Prosecution & Sentence
- Oak County (affluent, high conviction rates) aggressively charged/overcharged defendants; heavy sentences common for Detroit defendants crossing 8 Mile.
- Offered harsh plea deals; he accepted a sentence of 13–20 years.
- Ultimately served ~17 years (released May 13, 2009).
Prison Experience & Survival
- Served in multiple MDOC high‑security facilities (MR, IMAX, Oaks Max, Standish, Munising, St. Louis, Baraga/URF).
- Described extreme violence, gang/crew dynamics, racial hostility (particularly in remote northern prisons), and corruption among some staff.
- Spent 36 months in IMAX (solitary/“the hole”) for violent incidents including clashes with Aryan groups and staff.
- Survival tactics: reputation, fighting to inflict max damage quickly, avoiding showing parole plans (others might “jack” your parole).
- Staff member (Mr. Chisum) provided books: Autobiography of Malcolm X, Marcus Garvey, Miseducation of the Negro, Jet/Ebony — reading changed perspective.
- Realized structural causes of Black disadvantage; reading provided intellectual growth despite continuing infractions and later charges.

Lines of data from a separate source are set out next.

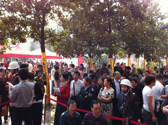 銷控板圍滿了參與選房的居民
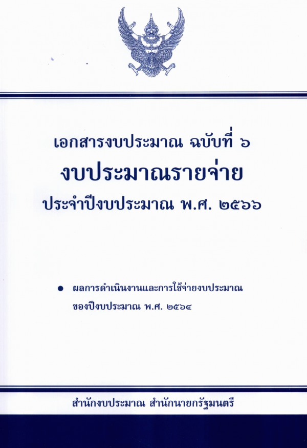 เอกสารงบประมาณ ฉบับที่ 6 งบประมาณรายจ่าย ประจำปีงบประมาณ พ.ศ. 2566 ผลการดำเนินงานและการใช้จ่ายงบประมาณของปีงบประมาณ พ.ศ. 2564 / สำนักงบประมาณ.
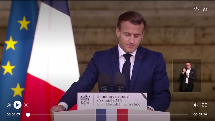 Dans leurs bulletins d’information de ce jour, 26/10, des journalistes de France Inter et de Franceinfo ont dénaturé les propos tenus par le Président de la République à l’occasion de son hommage rendu à Samuel Paty. En effet, M. Macron aurait déclaré selon eux, vouloir continuer de caricaturer Mahomet.
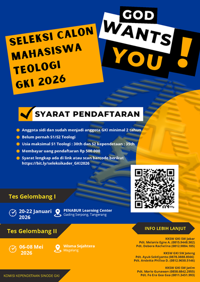Dalam rangka rekrutmen Kader Calon Pendeta GKI, melalui Komisi Kependetaan Sinode Wilayah/KKSW GKI SW Jateng akan melaksanakan seleksi kader calon mahasiswa Teologi utusan GKI untuk tahun 2026.
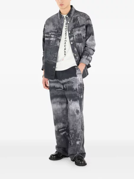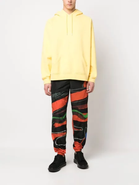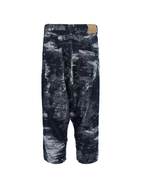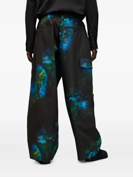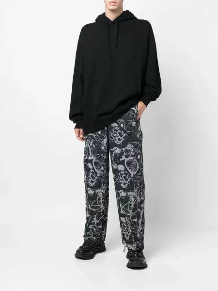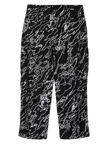 Yohji Yamamoto Hedvábné kalhoty s potiskem s abstraktním vzorem
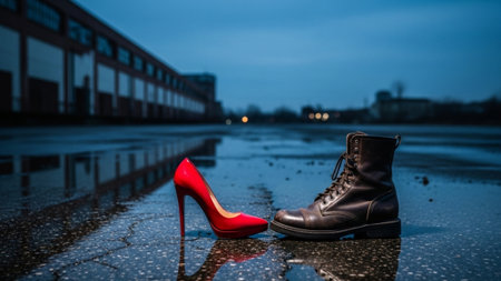This poignant image of abandoned shoes on a street evokes themes of economic hardship and loneliness, capturing the essence of struggle and resilience in urban life.
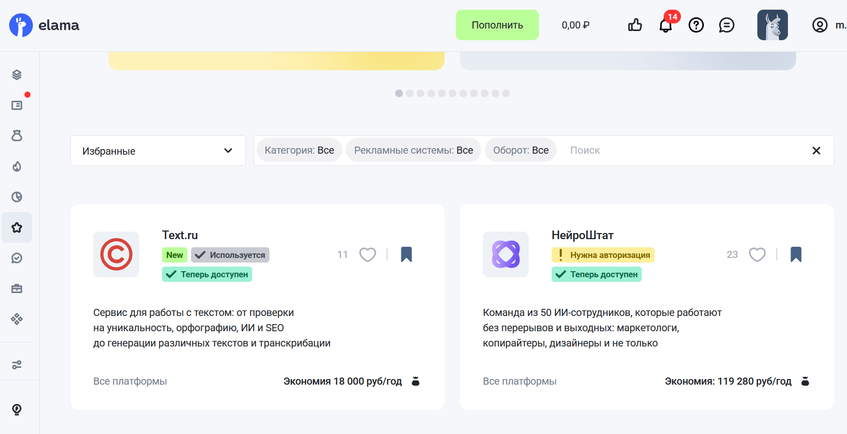 Если использовать инструменты через eLama вы сэкономите 18 000 рублей при работе с Text.ru и более 120 000 рублей — с «НейроШтатом»: eLama уже оплатила их для своих клиентов.
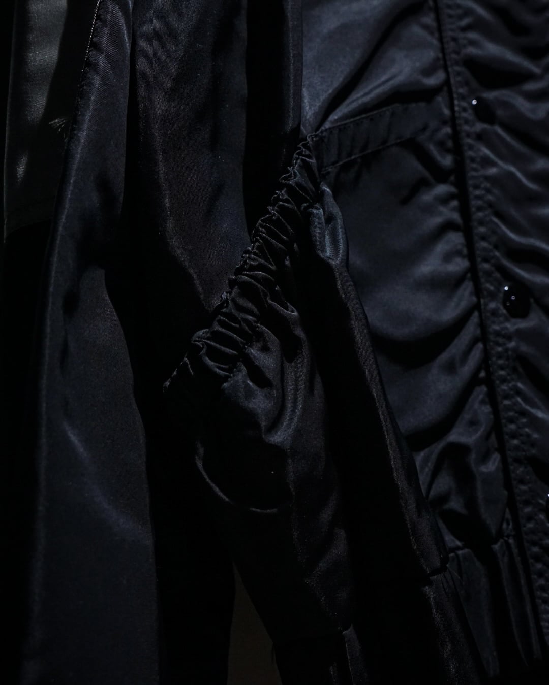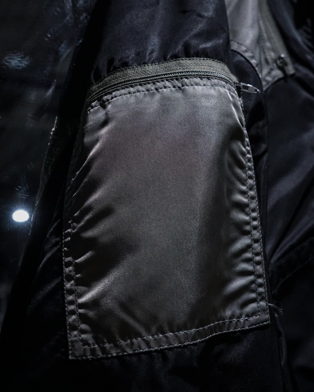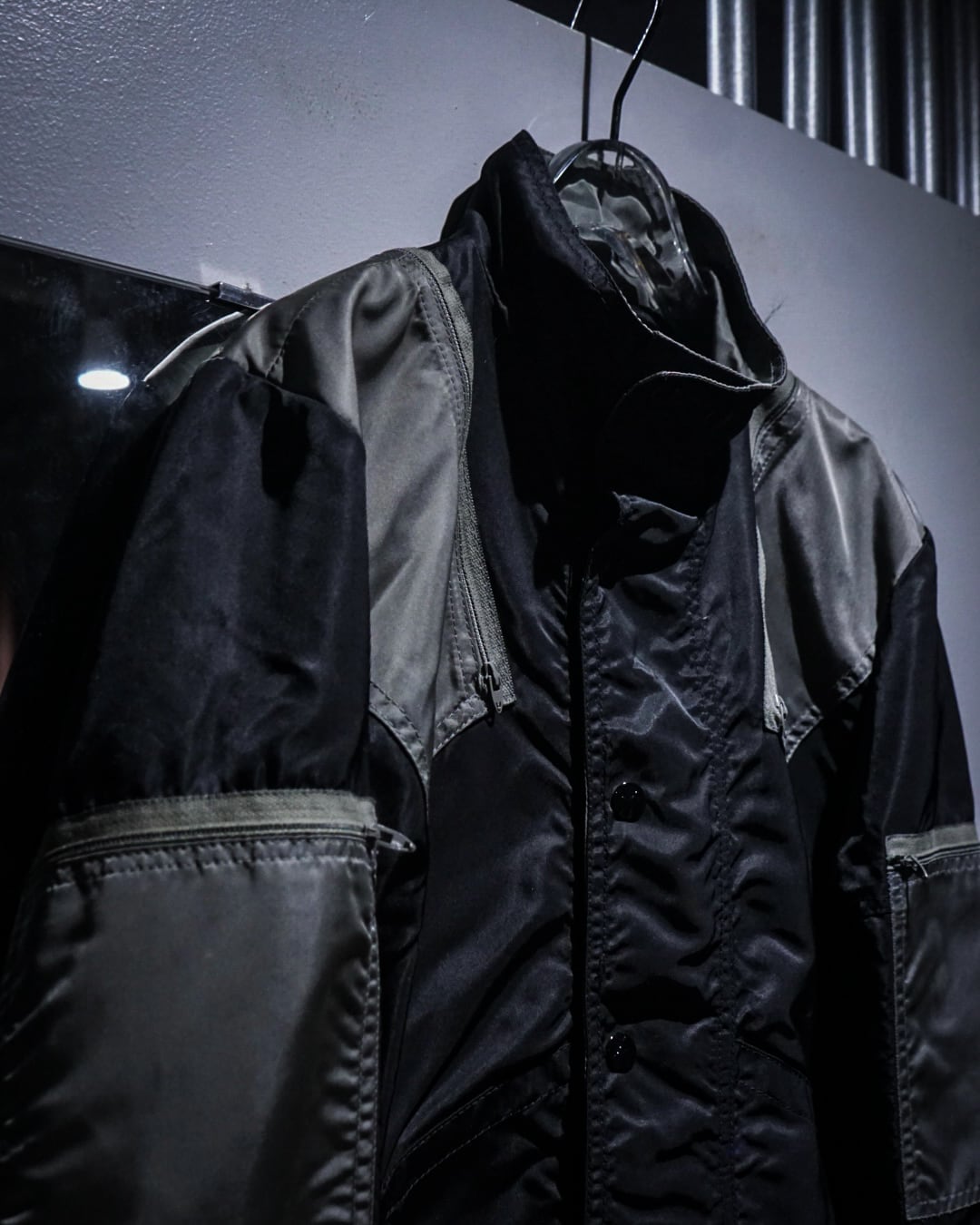 両腕、両肩には前から後ろにかけてジップポケットをON。更にボディサイドには手がすっぽりと入るポケットと、切り替えを効かせたアヴァンギャルドなルックスの中に、計算されたギミックが光ります。
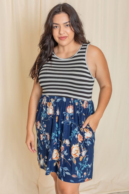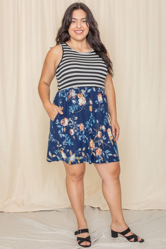 Stripe Sleeveless Mini Dress
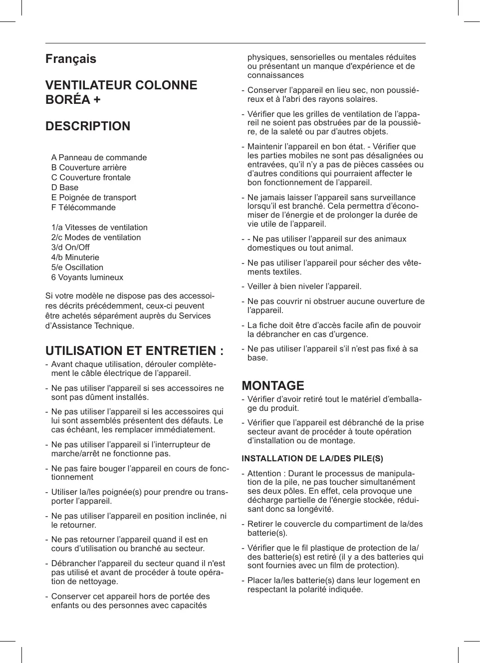 BOREA + - Colonne SUPRA - Notice d'utilisation et mode d'emploi gratuit
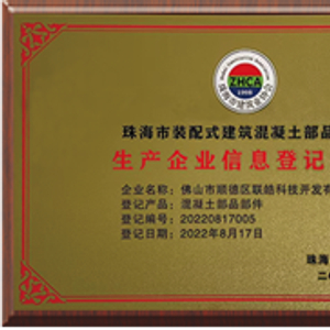 (装配式建筑混凝土部品部件生产企业信息登记证书)
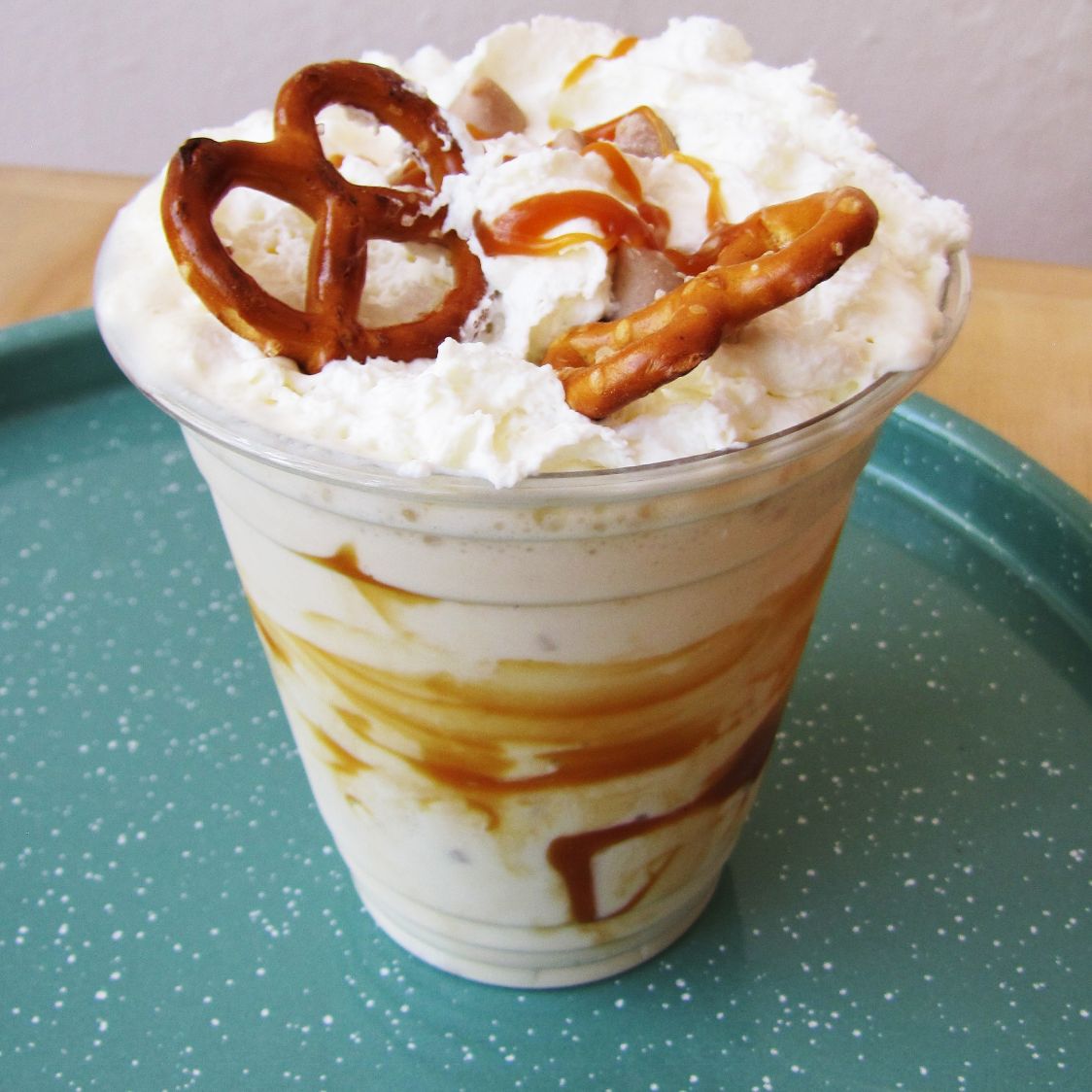 Malteada de helado de vainilla batida con caramelo salado, chispas de caramelo y pretzel
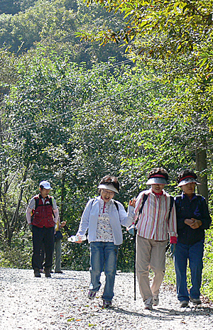 산길은 그동안 바삐 살아오느라, 돈 걱정에다 자식 걱정에다, 온갖 걱정에 시달리느라 가을을 느끼지 못한 일행에게 문뜩 가을을 선물한다. 은운리-분저리간 산길은 대청호의 절경을 감상하며 걷는 최고의 가을길이다. 벌써부터 길가 대추나무 밑에 떨어진(?) 진짜 달콤한 대추를 주워먹고, 가산천 주변에선 으름에다, 밤 주워먹고, 은운리 언목마을에서는 호두와, 길에서 산초 열매까지 수확한 일행들에게는 여유로운 여울길.
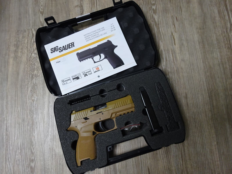 Lieferumfang: Waffe mit Magazin, Abschussbecher, Reinigungsbürste, Bedienungsanleitung und Kunststoffkoffer
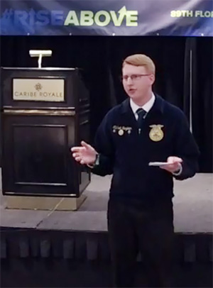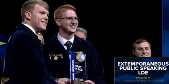 Northview High School FFA member Mitchell Singleton won first place in the state in the FFA Extemporaneous Public Speaking competition Thursday afternoon in Orlando. Images for NorthEscambia.com, click to enlarge.
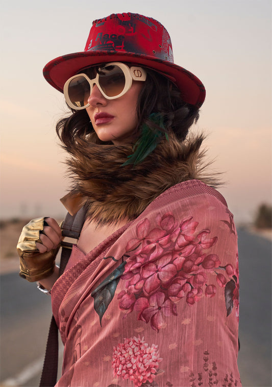 10% off availablePink Krystal Lotus Tussar Handloom Saree
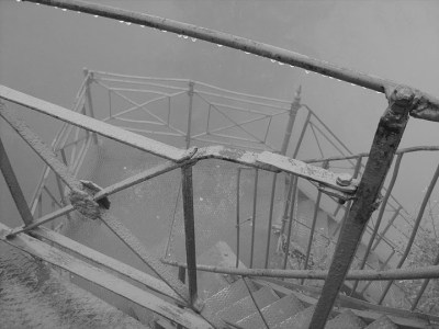 Stare schodki prowadzące na Sokolik Duży. We mgle.
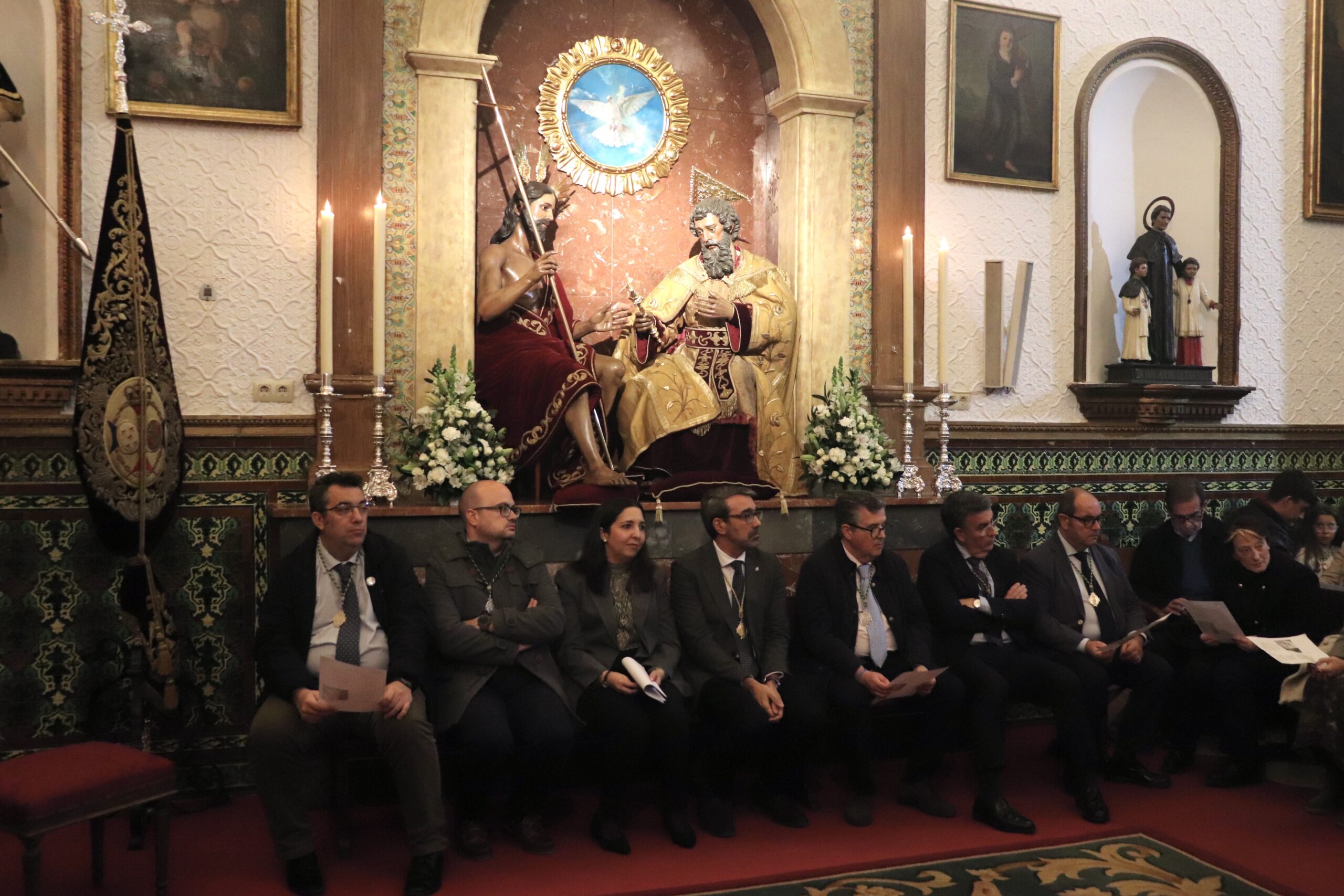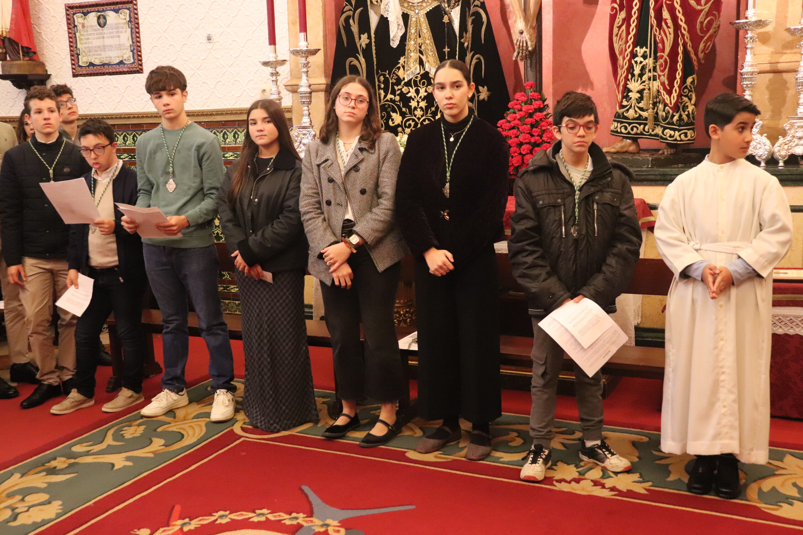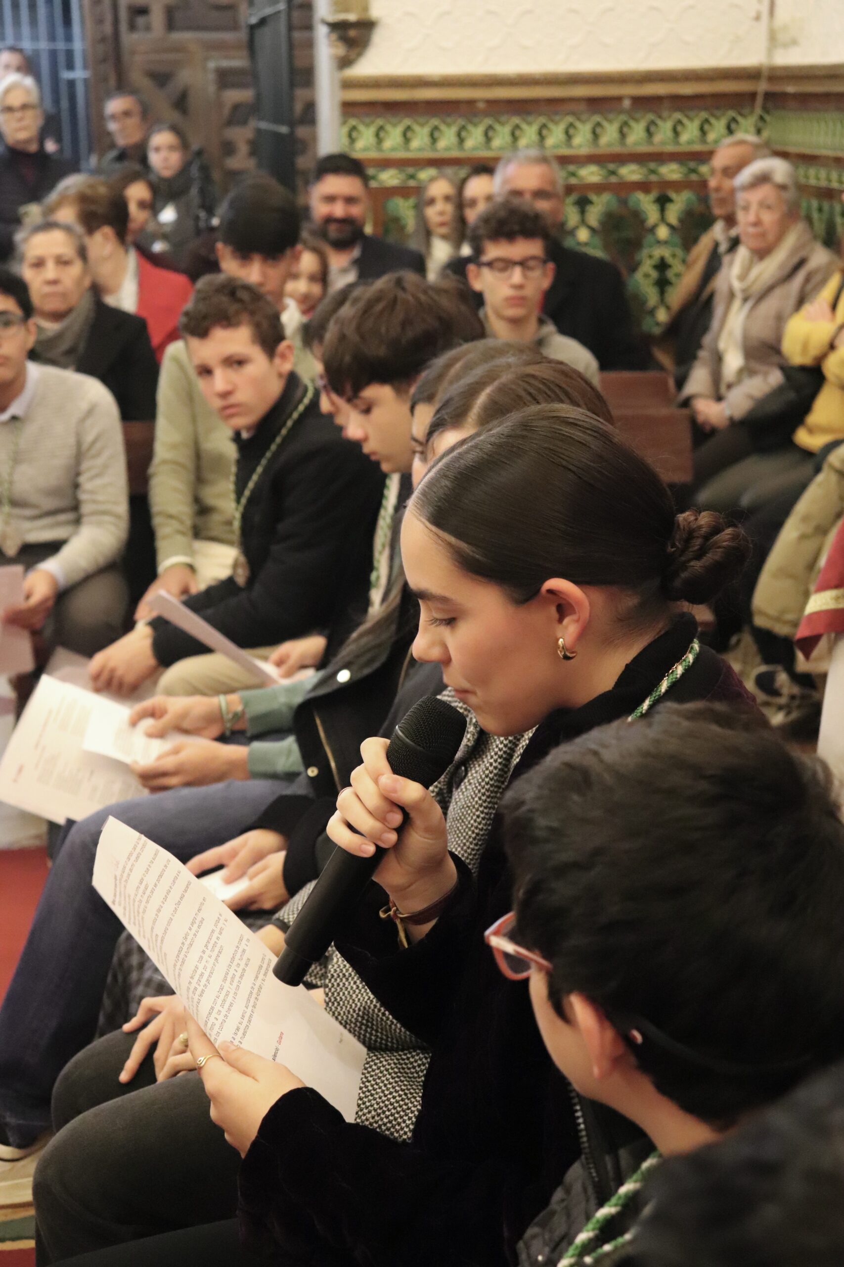 Asimismo, tras la Eucaristía Solemne en su honor tuvo lugar la bendición del Belén instalado en nuestra casa de Hermandad por el Grupo Infantil así como de la sobrepeana de plata realizada por el taller de orfebrería de Hermanos Delgado para Nuestra Señora de la Esperanza.
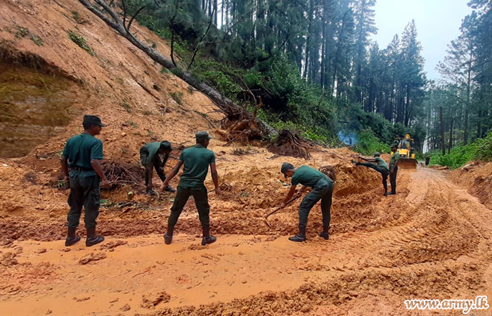 An earth mound that obstructed the public and vehicle movement on the Nallathanniya -Maskeliya main road, was entirely removed by 112 Brigade troops of the 11 Division on Friday (5) after torrential rains caused havoc. Major General Kalpa Sanjeewa...

- Earned GED while incarcerated.
Parole Process & Hardships
- Parole board procedures: “minimum–maximum” sentences (e.g., 10–20), parole boards can issue continuations/flops (12–24 months).
- Experienced multiple parole denials; politics, victim statements, prison conduct influence outcomes.
- Explained Michigan disparity: harsher treatment for Detroit residents prosecuted in Oak County; risk of long sentences if go to trial.
Reentry & Current Life
- Released 2009 into a very changed Detroit (casinos, Riverwalk, economic shifts).
- Married (previous wife divorced during incarceration); current wife helped craft post‑prison employment story to smooth hiring gaps.
- Businesses and work:
- Runs income tax/financial services company (tax prep, IRS resolution, offers in compromise, audit cleanups).
- Property management: owns ~23 rental properties (residential + commercial) in Detroit.
- Previously held W‑2 jobs (GM plant operations manager, Chrysler supervisor, airport supervisor) after release; has earned over $1M/year from ventures.
- Emphasis on entrepreneurship, tax/credit remediation and helping others with IRS/financial problems.
Notable Quotes / Themes
- “The desire to have [something] outweighed the consequences” — explains repeated criminal choices.
- Reading as liberation: Malcolm X’s autobiography catalyzed intellectual shift.
- “Oakland County vs. Wayne County”: systemic bias and harsher penalties for Black defendants crossing 8 Mile.
- Prison brutality and institutional racism, especially in remote northern prisons (Baraga/URF).
- Reentry success through legal business, tax expertise, property ownership.
Practical/Instructional Takeaways (if applying lessons)
- For reentry: leverage family support, craft employment narratives for resume gaps (e.g., buyouts/industry changes), pursue certifications/education (GED, tax training).
- For tax/financial help: offerings in compromise and audit cleanups exist; specialists can negotiate liens/levies and reduce IRS debt.
- For survival in violent institutions: reputation and strategic nondisclosure (don’t broadcast parole) were emphasized (contextual to prison life; not an endorsement).
Warnings / Contextual Notes ⚠️
- The interview contains admissions of violent crimes (robbery, shootings); descriptions of violent prison tactics and illegal acts.
- Speaker on record about criminal past but also describes rehabilitation, entrepreneurship, and legal financial work post‑release.
Emotions & Tone
- Raw, candid, at times unapologetic about past actions but reflective about causes and eventual change.
- Mix of pride, regret, survival mentality, and pragmatic reinvention.
If you want: I can extract a short timeline of arrests/sentences, list his major facilities served, or create bullet steps summarizing his reentry/business model.